HTTPS works by adding a layer of security by using TLS (Transport Layer Security) or SSL (Secure Sockets Layer) to encrypt data sent over the network. This is especially important in backend development because it prevents third parties (such as hackers) from reading or modifying data that is being sent between the client and the server.

3. Tokenization & Masking

In certain cases, tokenization or masking can be used to reduce the risk of a data breach. Tokenization and Masking are two data security techniques frequently used in backend applications to protect sensitive data.

Tokenization is the process of replacing sensitive data (such as credit card numbers) with meaningless values ​​called “tokens.” The original data is stored separately and can only be linked back to the token through a system that has access to the system that manages the token. This is important because if a data leak occurs, but the leaked data is only a token and not real data, the risk of attack is greatly reduced because the token has no value outside the system context. For example, in online payments, credit card numbers can be replaced with tokens so that card data does not actually need to be stored on the server.

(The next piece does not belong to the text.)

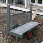 I originally built the cart with a simple plywood bed but soon replaced the plywood with a 17-1/2-inch by 60-inch by 1/8-inch-thick piece of diamond plate welded to the frame. Even though the metal deck and the stretch metal between the vertical uprights make the cart heavier, smaller items like tools or garbage cans are much less likely to fall off. To help hold materials that don’t stack nicely – like old studs or siding riddled with nails – I welded brackets to the frame to support removable 1-inch-diameter poles. At 120 pounds, the cart can be loaded into a truck by one man and can easily handle 300- to 400-pound loads, about as much as one man can push on soft ground. Altogether it took eight to 10 hours of labor and $200 in materials to build this cart, but it’s become one of our most valuable tools.

Data masking is the process of hiding part of sensitive data so that only some parts are visible. This is often used in user interfaces or reports to prevent complete information from being exposed. How does this work? data masking protects sensitive information when displayed to users who do not need to know the full data. Even if the data displayed in the UI or logs is stolen, the masked data only shows partial information, so the risk is lower. An example that we may often see is hiding part of a credit card number in a display like this: **** **** **** 1234.

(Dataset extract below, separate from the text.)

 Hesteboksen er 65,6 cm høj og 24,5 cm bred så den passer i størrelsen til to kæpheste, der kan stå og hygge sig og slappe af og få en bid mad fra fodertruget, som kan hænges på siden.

Error Management & Logging

In building a system errors will always occur, but how we handle them determines whether our application can survive without causing damage or loss of data. Good logging helps track problems in production systems and detect suspicious patterns. Here are some points that we do:

1. Handle Errors Appropriately

Don't just catch errors without taking action or providing information. It's best to log errors and provide a good fallback to avoid a total crash. For example, if the connection to the database fails, try retrying or switching to read-only mode temporarily.

2. Granular Logging

Log critical events such as API requests, authentication failures, or database connection problems with a sufficient level of detail. However, remember to avoid recording sensitive information such as passwords in logs.

3. Log Splitting

Use different log levels such as INFO, WARNING, and ERROR to separate different types of events. More granular logs make it easier for developers to diagnose problems.

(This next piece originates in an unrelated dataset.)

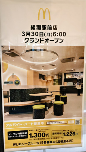 昨年末に綾瀬駅東口前に竣工した32階建ての住友不動産のマンション1階に、3月30日(月)マクドナルドがオープンする。2017年4月に同地で閉店して以来

For a more complete discussion and examples of Error Management & Logging I have written an article about this here: Observability - Why logging is important

Avoid mistakes elegantly

Crashing is a response that occurs when the system encounters an unexpected error. However, errors can be avoided or minimized through better handling. The strategies below can help us handle errors elegantly to make the system more resilient.

1. Timeouts

When backend applications access external services or wait for resources such as databases, it is important to use timeouts. Timeouts prevent code from being "stuck" in an indefinite waiting state, thereby maintaining application performance and avoiding deadlocks. The following is an example of implementing a timeout when accessing an external service:

client := http.Client{
    Timeout: 5 * time.Second,  // Set timeout 5 detik
}

resp, err := client.Get("https://example.com/api")
if err != nil {
    fmt.Println("Request failed:", err)
    return
}
defer resp.Body.Close()

fmt.Println("Response received:", resp.Status)
Enter fullscreen mode Exit fullscreen mode

In this example, we set a 5 second timeout for HTTP requests. If the service doesn't respond within 5 seconds, the app won't hang, and we can handle the error by announcing the failure.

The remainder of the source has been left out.